> Problem details
Print the records below exactly as they appear. Omit all pictures.

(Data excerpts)
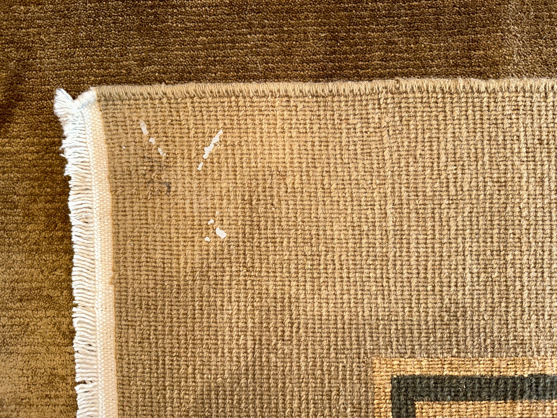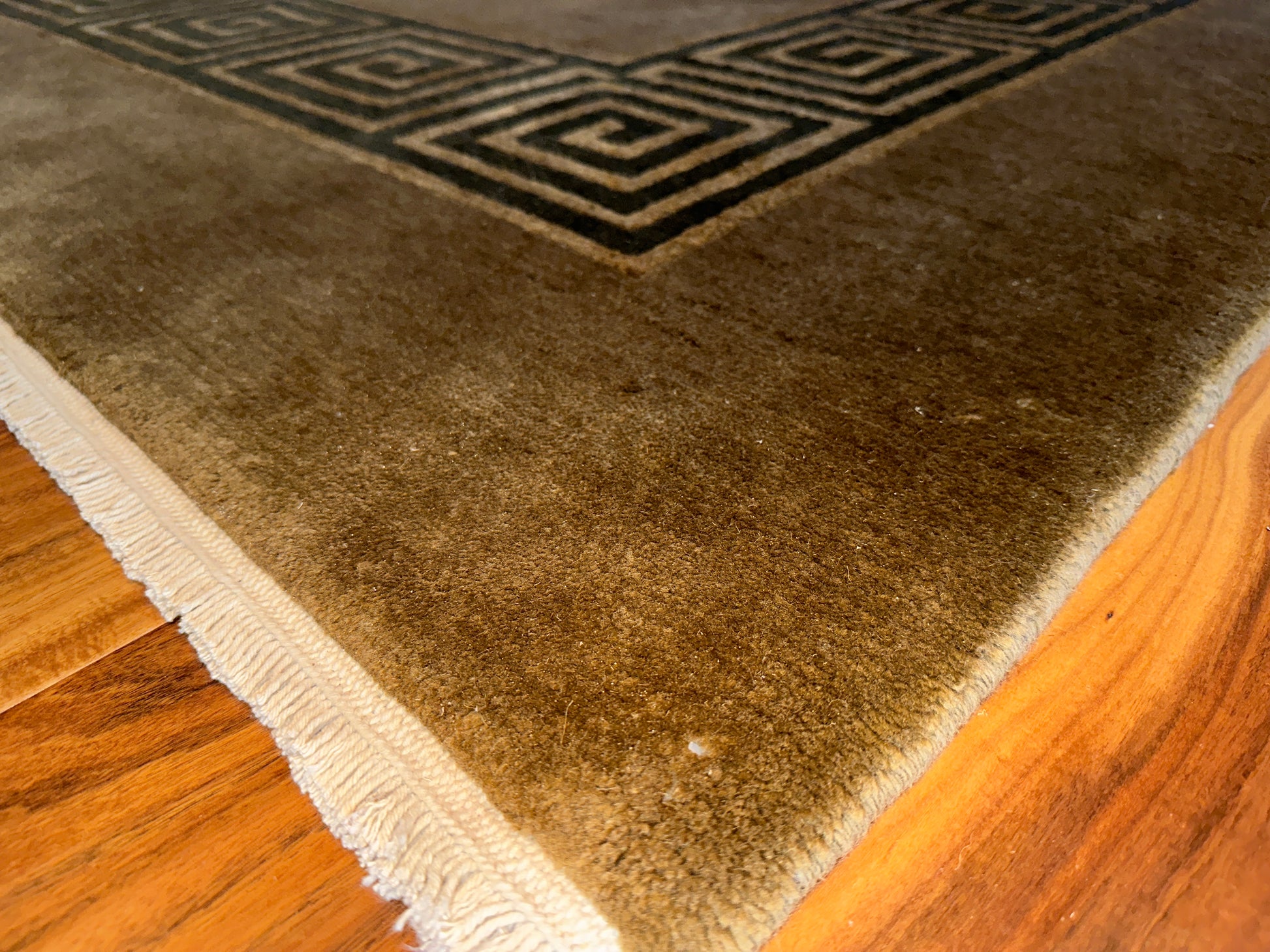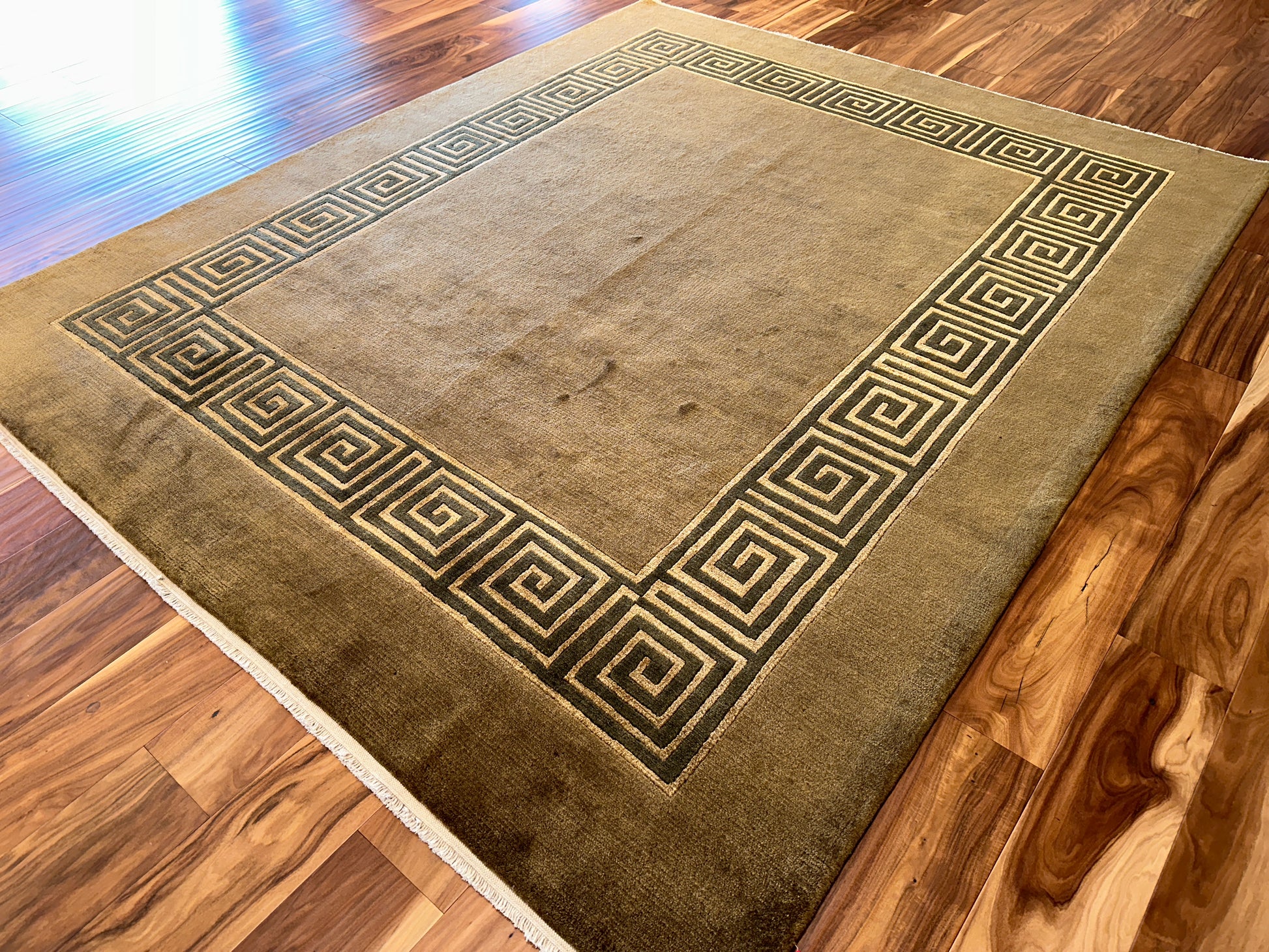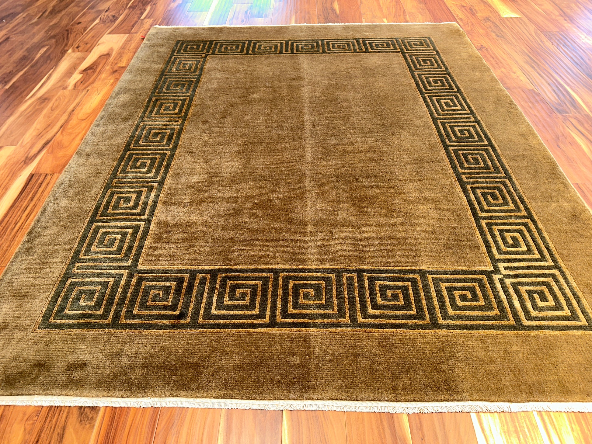 Grounded in timeless symmetry, this handwoven rug features a classic Greek key border in deep charcoal framing a warm golden field. The understated elegance of its design offers a refined touch, perfect for interiors where quiet luxury and architectural harmony are key.
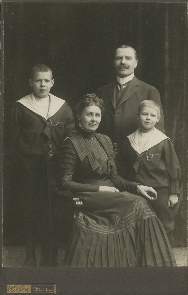 Familjeporträtt. Gustaf Swedlund med fru Ellen Reuterskiöld samt söner.
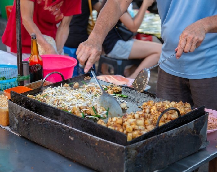 Utflykten fortsätter genom gatorna i Chinatown och passerar stånd som säljer exotiska frukter, inklusive den ökända frukten durian, som du kommer att kunna smaka. Du kommer också att passera en mängd olika matstånd, där du kan sätta tänderna i lokalbefolkningens favorit, stekt morotskaka eller nudelrätten char keow teow.
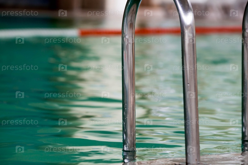 Металлическая лестница в бассейне с чистой бирюзовой водой
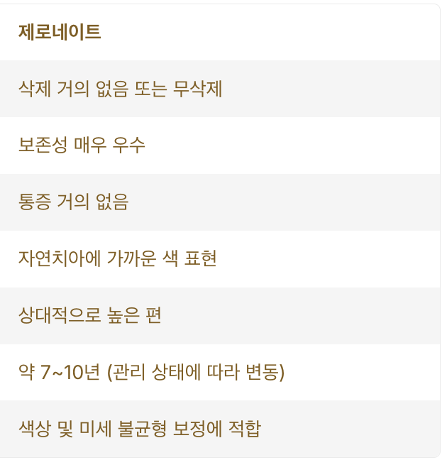 | 심미성 | 밝고 고른 인공미 느낌 | 자연치아에 가까운 색 표현 |

> Task result
 Grounded in timeless symmetry, this handwoven rug features a classic Greek key border in deep charcoal framing a warm golden field. The understated elegance of its design offers a refined touch, perfect for interiors where quiet luxury and architectural harmony are key.
 Familjeporträtt. Gustaf Swedlund med fru Ellen Reuterskiöld samt söner.
 Utflykten fortsätter genom gatorna i Chinatown och passerar stånd som säljer exotiska frukter, inklusive den ökända frukten durian, som du kommer att kunna smaka. Du kommer också att passera en mängd olika matstånd, där du kan sätta tänderna i lokalbefolkningens favorit, stekt morotskaka eller nudelrätten char keow teow.
 Металлическая лестница в бассейне с чистой бирюзовой водой
 | 심미성 | 밝고 고른 인공미 느낌 | 자연치아에 가까운 색 표현 |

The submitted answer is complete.